As far as Beth knew, Liz and Charles had nothing to declare. If anyone had told her that the pair of them sloped off quietly at lunchtime to the City Inn Hotel on John Islip Street, or rendezvoused at the weekend in a West Country B&B, she would not have believed them. Charles was far too upright, too devoted to his wife to do anything like that. And Beth simply couldn’t see Liz in the role of mistress, waiting restlessly by the phone for a call from her married lover. Beth was sure that with these two, there had been no illicit affair. And that was the problem: everything was bubbling beneath the surface.
DG sighed again, this time more loudly, usually a sign that his thoughts were about to find vocal expression. They were in Putney now, about to cross the river. DG said, ‘I think we’ve got a bit of a problem on our hands.’
Beth nodded; there was no need for him to say what the problem was. She waited patiently and at last he added, ‘It could be very difficult for them both.’ He threw up a hand to indicate his own ambivalence. ‘I mean, there’s nothing stopping them now, is there?’
‘I suppose not,’ said Beth.
‘Though my father used to say “forbidden fruit looks less attractive once it’s off the tree.”’
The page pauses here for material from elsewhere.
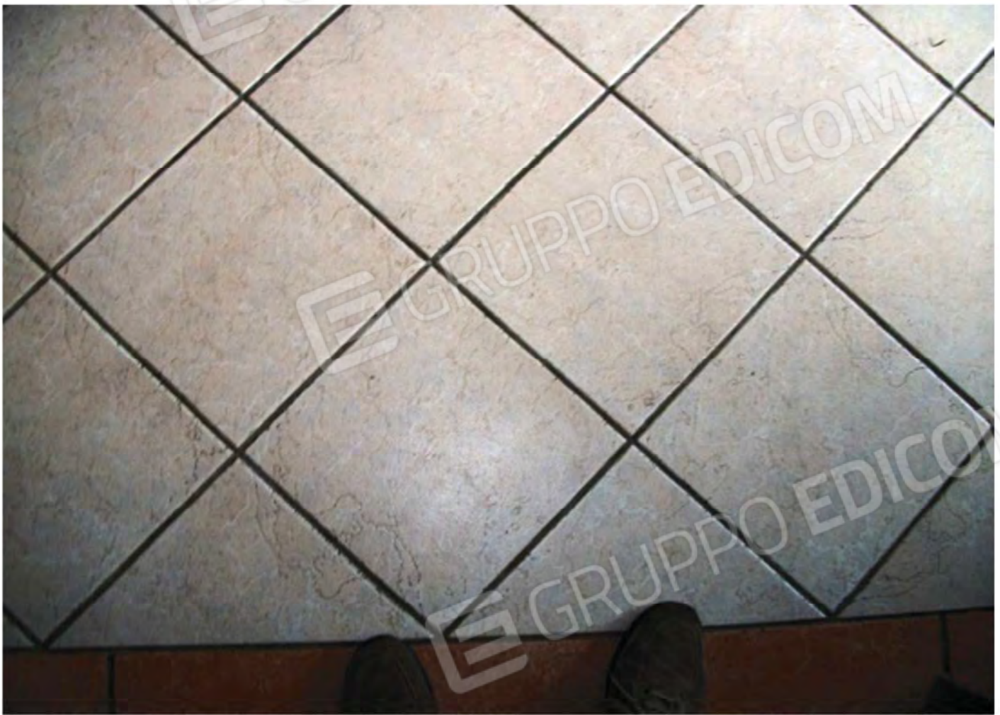
Foto n. 24 - Particolare del pavimento al P. S1 del Fabbricato , eseguito con mattonelle di gres porcellanato.

Beth gave a small snort. ‘With all respect to your father, I don’t think the mutual attraction’s going to diminish. It’s other things that will get in the way.’
DG fingered his tie soberly. ‘Like what?’
‘Like guilt, unjustified though it might be. And I suppose the fear that what you’ve wanted so long could finally be yours.’
‘Fear?’
‘Yes. Not that it won’t turn out to be what you wanted, but that somehow you don’t deserve it. They say long-term prisoners are often terrified when their release date approaches. It’s just too much – the prospect of having what you’ve desired for so long is too daunting.’
‘You think it could be that bad for those two?’
Beth shrugged. She was paid to understand people, but had long learned that such understanding was precarious, and never to be assumed. She said, ‘I’d like to think not.’
‘But you’re not sure,’ said DG, and it wasn’t posed as a question. ‘In which case their work will almost certainly be affected. So I think they might profit from a break.’
Beth must have looked horrified, as if he had suggested ordering the two to go off together for a week’s leave in Paris, for he added hastily, ‘I mean a break from each other.’
‘Oh,’ said Beth with relief.
‘Yes,’ said DG.
What now? she thought warily. Personnel and postings were her responsibility, and he rarely interfered directly. But now she could see he had made his mind up. She didn’t want an argument, so she hoped she’d be able to go along with whatever he’d decided.
He said emphatically, ‘I think Liz should be posted – at least temporarily, while Charles settles back in at work. There’s a lot for him to do, you know,’ he said, almost accusingly, as if he thought she might think he was being unnecessarily harsh.
‘Where do you want to put her?’ she asked. Counter terrorism, she imagined. That’s where Liz had been before. Working for Charles when he had been director there.
‘We’ll have to work that out,’ he said, rather to her surprise. If he’d already decided, as she suspected he had, he clearly wasn’t ready to say. ‘It’s got to be something challenging. I don’t want her to think it’s in any way a demotion. That wouldn’t be fair on Liz.’
‘No, though—’ and Beth hesitated. When DG looked at her questioningly, she sighed. ‘She’s going to see it that way, I fear.’
‘Probably.’ DG shrugged lightly. ‘But that can’t be helped. And so long as we make sure her new posting is tough enough, she’ll soon get stuck in. She’s too good an officer not to.’